Почти три года назад наша коллега, журналист из Наро-Фоминска Ирина Леонова впервые стала мамой. Беременность протекала нормально, девочка родилась в срок и с хорошими показателями. Маму с ребенком выписали на третьи сутки, в выписке значилось, что малышка полностью здорова.

Дочку назвали Полина. Первые месяцы Поля росла как обычные дети. Врачи не находили никаких отклонений. Но потом что-то пошло не так.

— Впервые я насторожилась, когда Полина не села сама в срок. Как она ни старалась, у нее не получалось. А чуть позже обратила внимание, что у дочки перестала расти голова, она плохо набирала вес. К примеру, сейчас у нее окружность головы 46 см и вес 11 кг — такие показатели имеют дети младше года…

Ирина записалась на прием к неврологу с жалобами на задержку развития. И вышла оттуда с целым списком диагнозов и направлением на госпитализацию в Научно-практический центр детской психоневрологии в Москве. Стандартная госпитализация длилась 21 день. После осмотра Полины известный невролог Инна Александровна Пшемыская вынесла вердикт: у девочки тяжелое заболевание центральной нервной системы, это стопроцентная инвалидность.

— Поначалу я протестовала, — вспоминает Ирина. — Нормальный же ребенок! Ноги-руки одинаковые, в судорогах не бьется… Не разговаривает — ну и ладно, много кто из детей в этом возрасте говорит? Для меня все это было шоком.

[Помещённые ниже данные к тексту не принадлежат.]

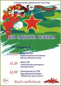 14:00 — Концертный зал городского Дворца культуры. Состоится праздничный концерт «Мужество, воля и честь» с участием творческих коллективов Дворца культуры и города.

Пребывание в больнице оставило тяжелый след в душе Ирины. Они находились в отделении, где занимаются детьми с третьего дня жизни. Смотреть на малышей с самыми разными формами ДЦП — невыносимое испытание. Ира помнит, как однажды в отделении появилась Елизавета Глинка — знаменитая доктор Лиза. Она на вертолете привезла маленькую девочку из Донецка.

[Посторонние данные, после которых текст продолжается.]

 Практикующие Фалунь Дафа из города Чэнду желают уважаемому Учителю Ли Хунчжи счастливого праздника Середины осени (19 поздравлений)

Пациенты отделения живут с непоколебимой верой в чудо, каждая история, в которой оно имеет место быть, передается из уст в уста. Одна из них тронула Ирину до глубины души. Молодая женщина, страдающая олигофренией, родила ребенка от парня с таким же диагнозом. Пока она рожала, врачи в роддоме убеждали ее родителей отказаться от внука: «У вас уже есть одна, куда вам еще-то?!» Из роддома маму с новорожденным перевели в профильный центр. Мама часами смотрела на малыша через стекло детского отделения и страдала. В итоге сердце бабушки дрогнуло, и она забрала родного внука домой.

…В тот период Ирина еще верила, что после госпитализации Полина пойдет на поправку. Увы, последующее МРТ подтвердило первоначальный прогноз специалиста. Исследование показало врожденный порок мозга, формирующийся на 2–3-м триместре беременности (официально называется «билатеральная полимикрогирия»). Это истинный ДЦП — детский церебральный паралич. Так называют синдром, объединяющий поражения ЦНС, головного и спинного мозга. Диагноз достаточно редкий, его часто сопровождают судороги, умственная отсталость, двигательные нарушения, проблемы со зрением и слухом. На тот момент Поле был 1 год и 4 месяца.

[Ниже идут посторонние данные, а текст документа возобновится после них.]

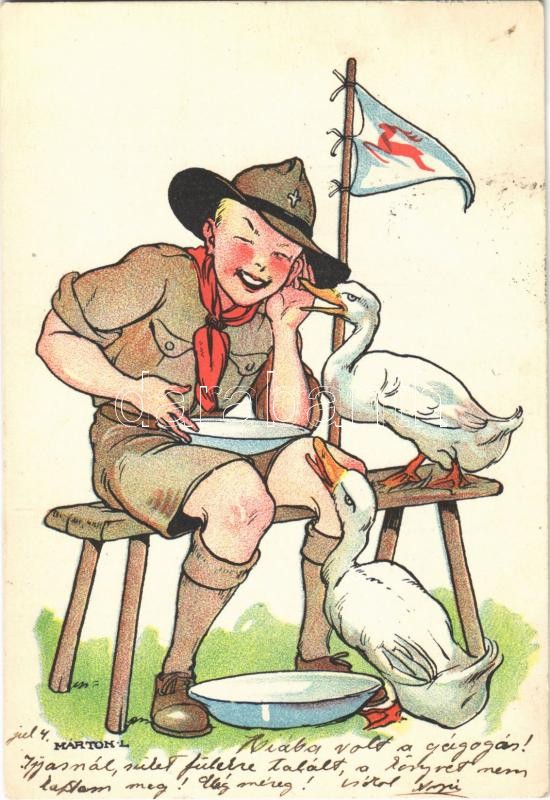 Cserkész libákkal. A Magyar Cserkészszövetség kiadása / Hungarian boy ... https://www.darabanth.com/hu/475-Gyorsarveres/475.0/Kepeslapok/Cserkesz~1500020/Cserkesz-libakkal-A-Magyar-Cserkeszszovetseg-kiadasa-Hungarian-boy-scout-art-postcard-s-MC3~II2377703

В октябре 2015 года малышка получила розовую «путевку» в жизнь — ее признали инвалидом. А маме пришлось взять себя в руки и отправиться на поиски причин болезни дочери и методов реабилитации.

«Наш папа ушел из семьи со словами: «Дочь здорова, ты все это придумала, чтобы наживиться»

— После повторной госпитализации в Центр психоневрологии мы с Полиной остались совсем одни. Нужно было решать множество вопросов о реабилитации и обследованиях ребенка. Наши отношения с мужем испортились: наличие в семье особенного ребенка и растущие траты оказались ему не по силам. Он удалился.

Отец Полины не просто исчез с горизонта. Он лишил бывших родных хоть какой-нибудь финансовой поддержки. Зато рассказал общим друзьям и знакомым, что отписал в пользу бывшей жены квартиру.

— Но эта квартира никогда не принадлежала ему, она в собственности у моего деда — свидетельство о регистрации тому доказательство, — с грустью говорит мама Полины.

Кроме того, супруг оставил жене и дочке «наследство» в виде автокредита в 445 тысяч рублей. В промежутках между реабилитациями Ирине пришлось через суд добиваться раздела долга. Но самое печальное, что, по словам Ирины, мужчина отказывается платить алименты. На данный момент его долг составляет более 300 тысяч рублей. Официально он не трудоустроен, на контакт с ФССП не идет. Вскоре после развода он женился второй раз.

— Никогда бы не подумала, что в России можно жить и не платить ребенку-инвалиду алименты совершенно безнаказанно! Имущества нет, официального трудоустройства нет, а получить срок за уклонение — на грани фантастики. И всем структурам нет дела, что по факту нарушены права ребенка-инвалида. Более того, бывший муж все это время твердит мне, что Полина здорова, а ее диагнозы я сама придумала, чтобы нажиться. Будто результаты МРТ я сама написала дома... При этом он не хочет официально отказаться от Полины.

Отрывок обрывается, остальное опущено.